Efficient Personalized Text-to-image Generation by Leveraging Textual Subspace
Shian Du, Xiaotian Cheng, Qi Qian, Henglu Wei, Yi Xu, Xiangyang Ji
TL;DR
BaTex tackles the inefficiency and limited prompt compatibility of prior personalized text-to-image methods by learning target embeddings within a low-dimensional textual subspace constructed from pre-trained vocabularies. By leveraging a self-expressiveness principle, BaTex represents any target embedding as a linear combination of basis embeddings and optimizes in this restricted subspace, improving text-to-image alignment while maintaining reconstruction quality.
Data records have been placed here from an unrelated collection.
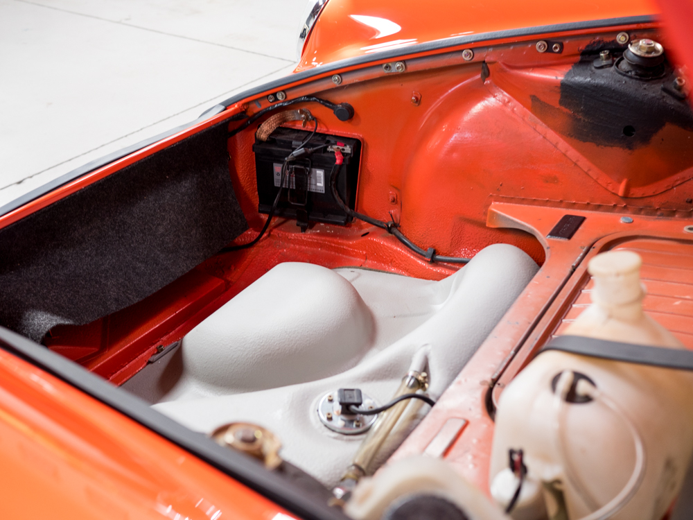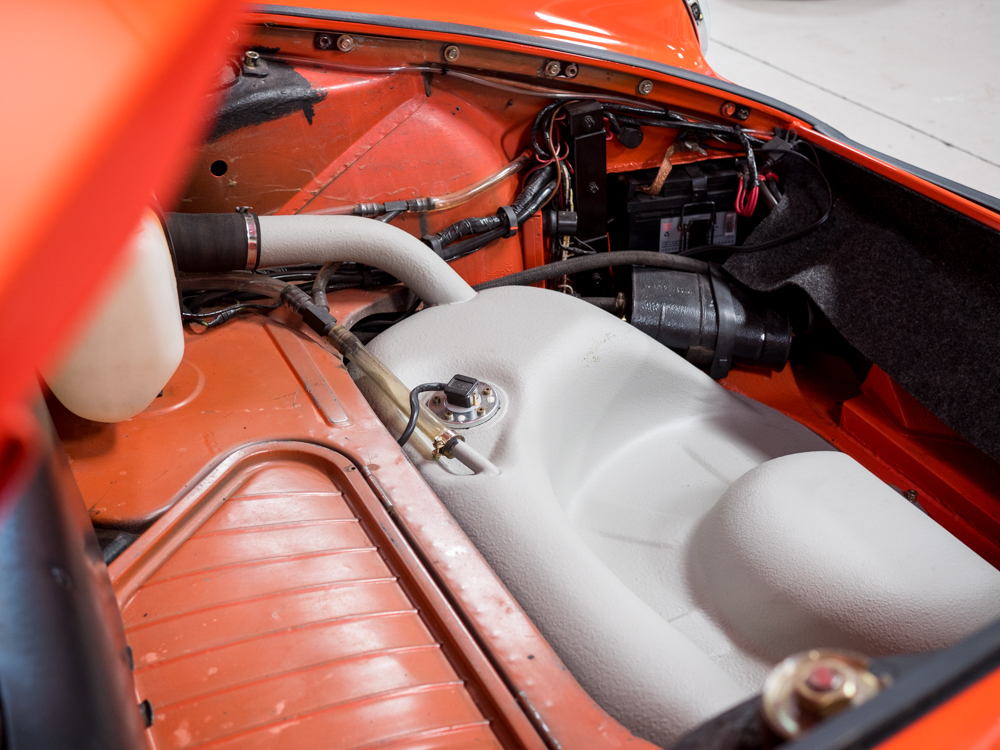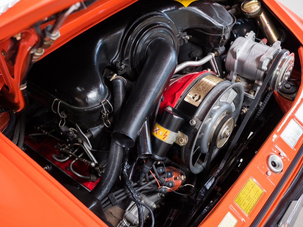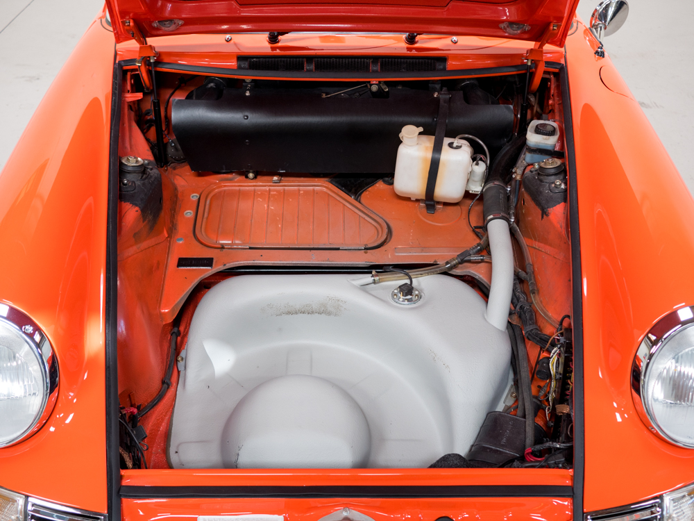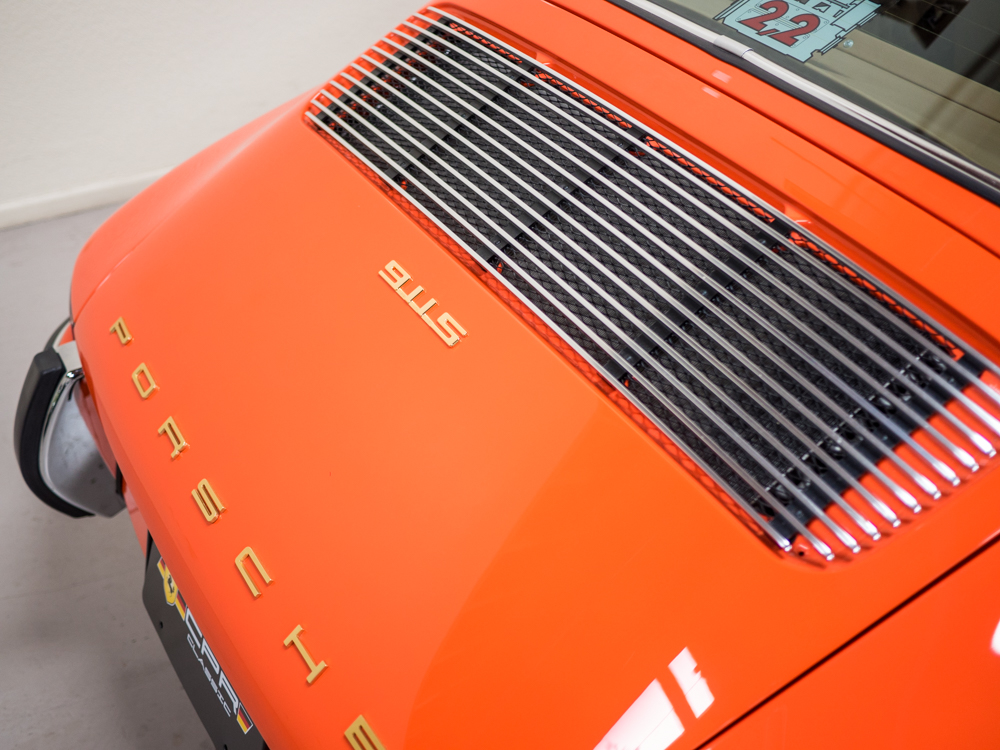 CPR Classic re-acquired the car last year and we have since performed a major cosmetic restoration including a complete exterior repaint in it's correct tangerine. The car also received extensive brightwork, new chrome, weather stripping, and all new rubber throughout bringing this 911S to the cosmetic level near to that of our Concours restorations.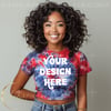 Red, White, Blue Patriotic Tie Dye T-shirt Blasian Woman Mockup Digital Download with Gray Background, Design Mocks, American Tie Dye T-shirts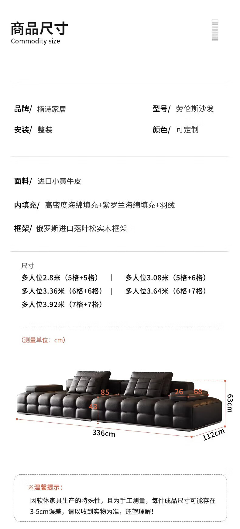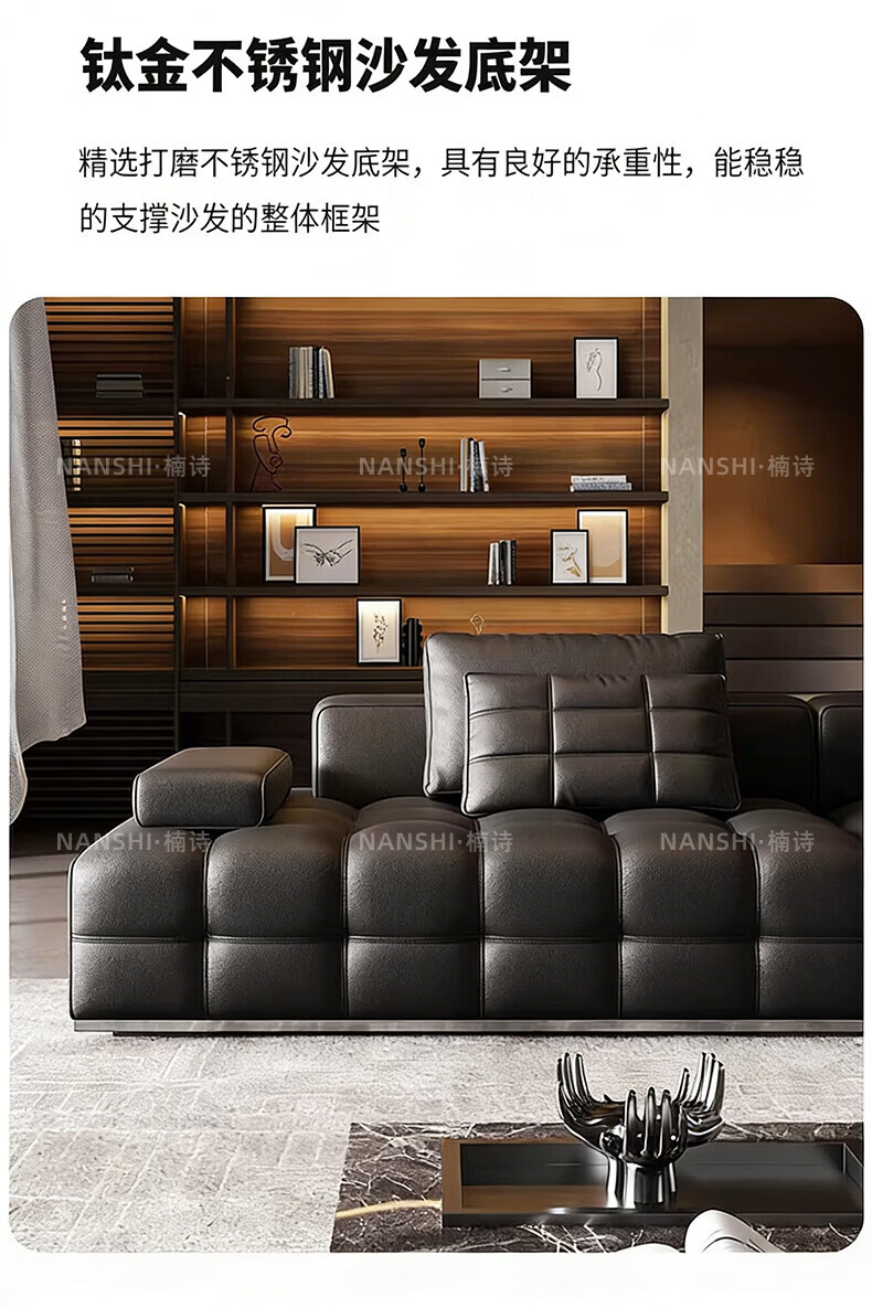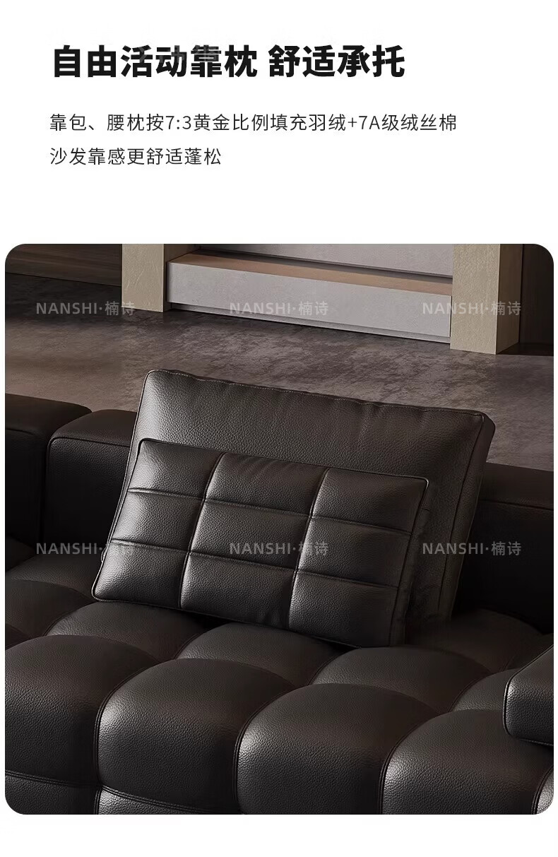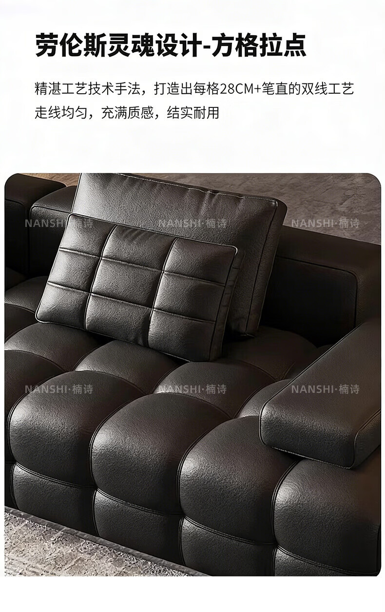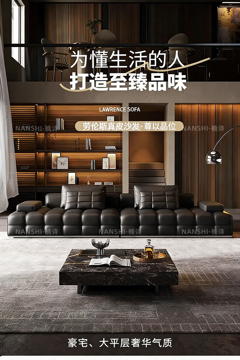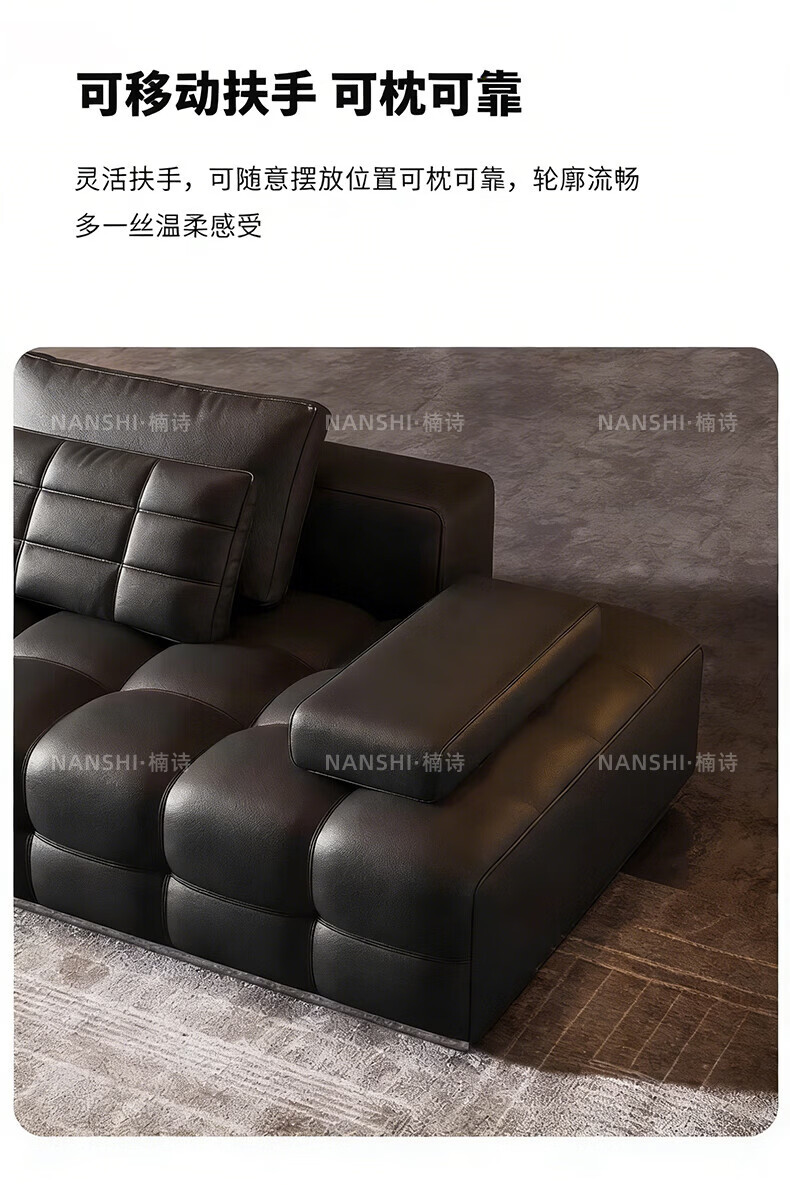 Nanshi home sofa Italian minimalist Lawrence sofa living room small yellow cowhide straight sofa light luxury modern leather art sofa 2.52 meters straight 2.8mm contact surface medium thick green leather extra thick stainless steel bottom frame
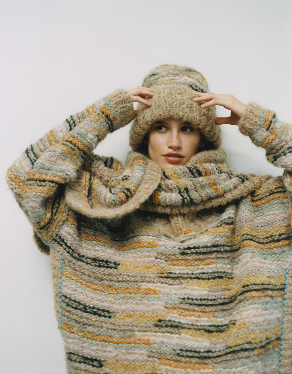 300 g of Lana Grossa Lala Berlin Furry (90% baby alpaca, 10% polyamide; 75 m/50 g) in Beige (col 2) and 50 g each in Charcoal (col 10), Grey (col 11), Pastel Pink (col 12), Yellow (col 3) and Natural (col 1); 50 g each of Lana Grossa Lala Berlin Fluffy (42% superfine Merino wool, 21% polyamide, 19% baby alpaca, 18% superkid mohair; 130 m/50 g) in Turquoise Mélange (col 118), Lilac Mélange (col 121) and Saffron Mélange (col 124); 50 g each of Lana Grossa Lala Berlin Shiny (46% baby alpaca, 30% cotton, 8% Merino wool, 8% polyester, 8% polyamide; 150 m/50 g) in Greige (col 14) and Camel/Beige (col 18); 50 g of Lana Grossa Lala Berlin Lovely Cotton (75% superfine Merino wool; 25% cotton; 75 m/50 g) in Bleu (col 1). Size 8 and 9 mm circular needles, each 60 cm long; size 8 mm circular needle, 50 cm long; tapestry needle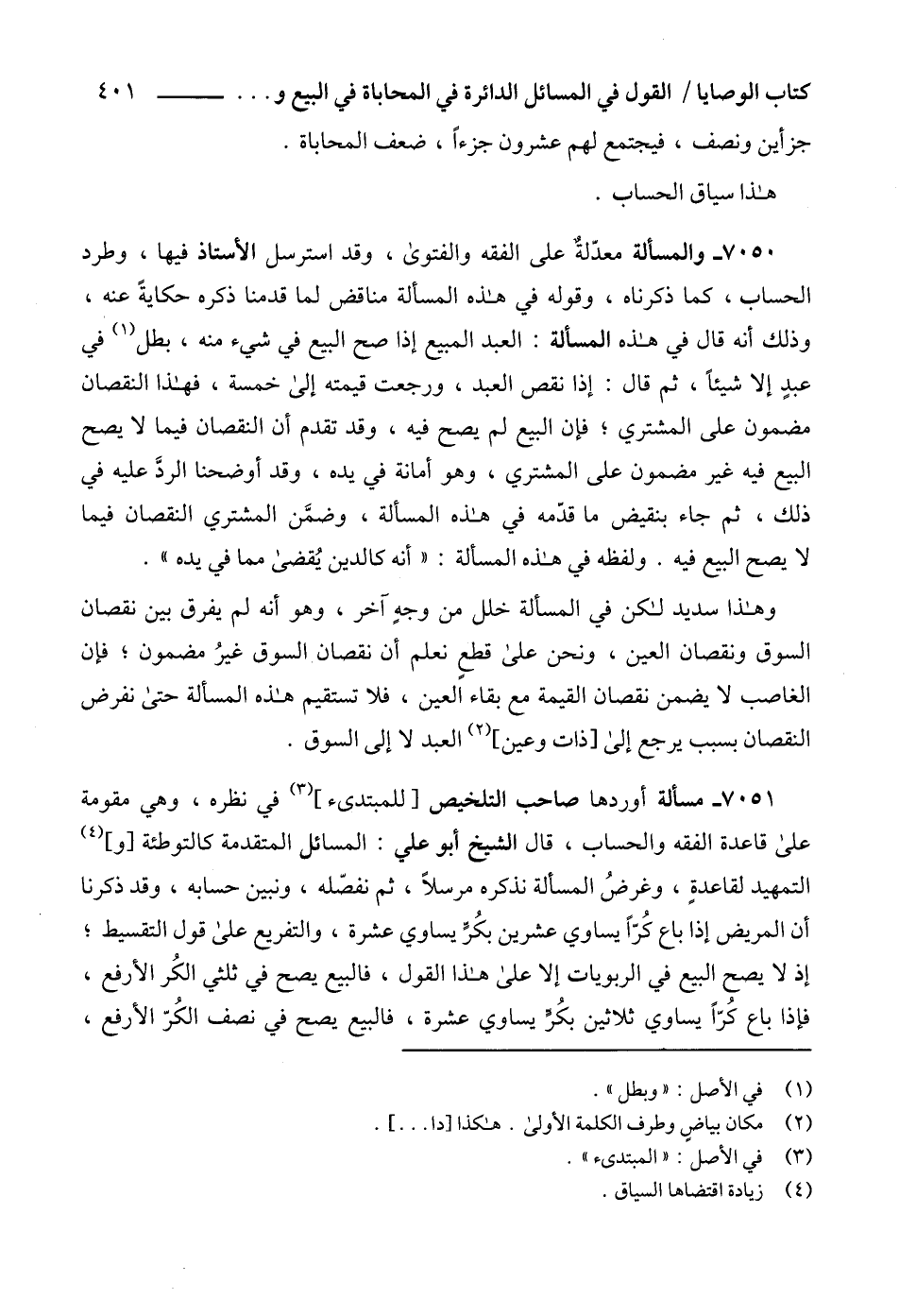 7051 - مسألة أوردها صاحب التلخيص [للمبتدىء] (3) في نظره، وهي مقومة على قاعدة الفقه والحساب، قال الشيخ أبو علي: المسائل المتقدمة كالتوطئة [و] (4) التمهيد لقاعدةٍ، وغرضُ المسألة نذكره مرسلاً، ثم نفصّله، ونبين حسابه، وقد ذكرنا أن المريض إذا باع كُرّاً يساوي عشرين بكُرٍّ يساوي عشرة، والتفريع على قول التقسيط؛ إذ لا يصح البيع في الربويات إلا على هذا القول، فالبيع يصح في ثلثي الكُر الأرفع، فإذا باع كُرّاً يساوي ثلاثين بكُرٍّ يساوي عشرة، فالبيع يصح في نصف الكُرّ الأرفع،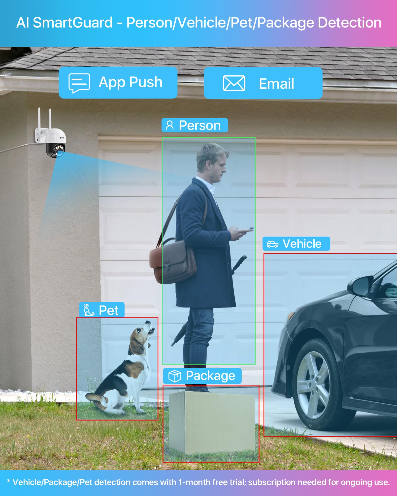 - [AI Detection & Real-time Alerts] ZOSI smart camera provides advanced AI detection, accurately identifying people in real-time. By subscribing to our cloud services, the camera can even detect cars, pets, and packages intelligently. Customize alert areas to avoid unnecessary notifications. The security camera can trigger sound and light alarms upon detecting human motion, while instantly sending app push notifications and email alerts.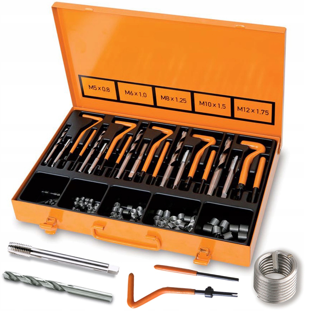 Набір для ремонту пошкодженої різьби внутрішніх розеток M5-M6-M8-M10-M12 зі спіральними вставками в металевій коробці BETA 437U/09.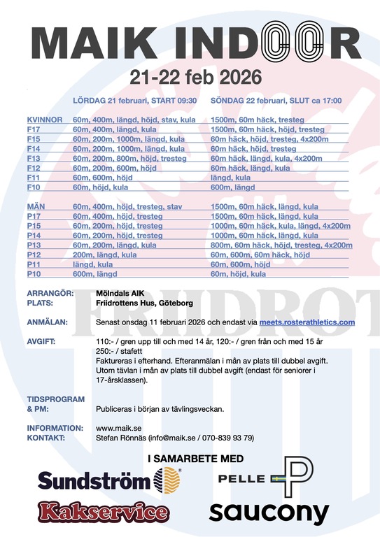 MAIK INDOOR 6-7 MARS 2021! - OBS! TÄVLINGEN INSTÄLLD!!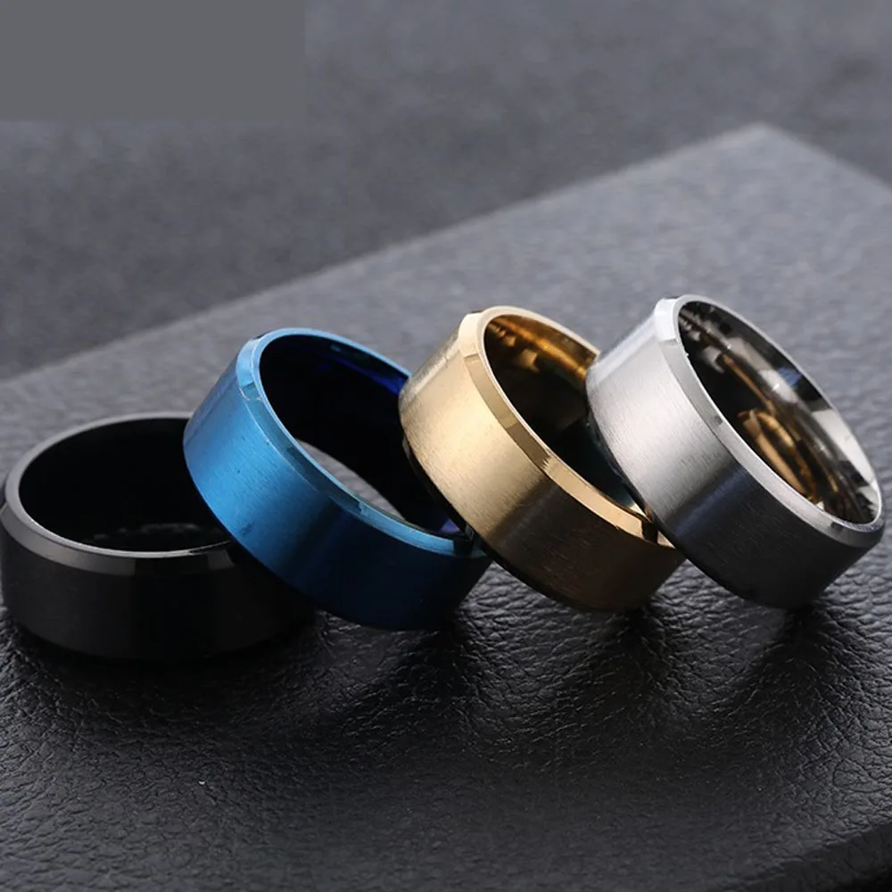 Кольца из матовой нержавеющей стали с простым дизайном, простые позолоченные, черные и синие кольца для мужчин и женщин, подарочные украшения, 8 мм

The method includes a rank-based basis selection strategy to ensure semantically relevant basis vectors and a theoretical result showing the update is equivalent to a projection with rank d1. Empirically, BaTex outperforms existing embedding-only approaches in text alignment and competes with model-fine-tuning methods, while offering faster convergence and robustness to initialization, making personalized generation more scalable and controllable.
Abstract
Personalized text-to-image generation has attracted unprecedented attention in the recent few years due to its unique capability of generating highly-personalized images via using the input concept dataset and novel textual prompt. However, previous methods solely focus on the performance of the reconstruction task, degrading its ability to combine with different textual prompt. Besides, optimizing in the high-dimensional embedding space usually leads to unnecessary time-consuming training process and slow convergence. To address these issues, we propose an efficient method to explore the target embedding in a textual subspace, drawing inspiration from the self-expressiveness property. Additionally, we propose an efficient selection strategy for determining the basis vectors of the textual subspace. The experimental evaluations demonstrate that the learned embedding can not only faithfully reconstruct input image, but also significantly improves its alignment with novel input textual prompt. Furthermore, we observe that optimizing in the textual subspace leads to an significant improvement of the robustness to the initial word, relaxing the constraint that requires users to input the most relevant initial word. Our method opens the door to more efficient representation learning for personalized text-to-image generation.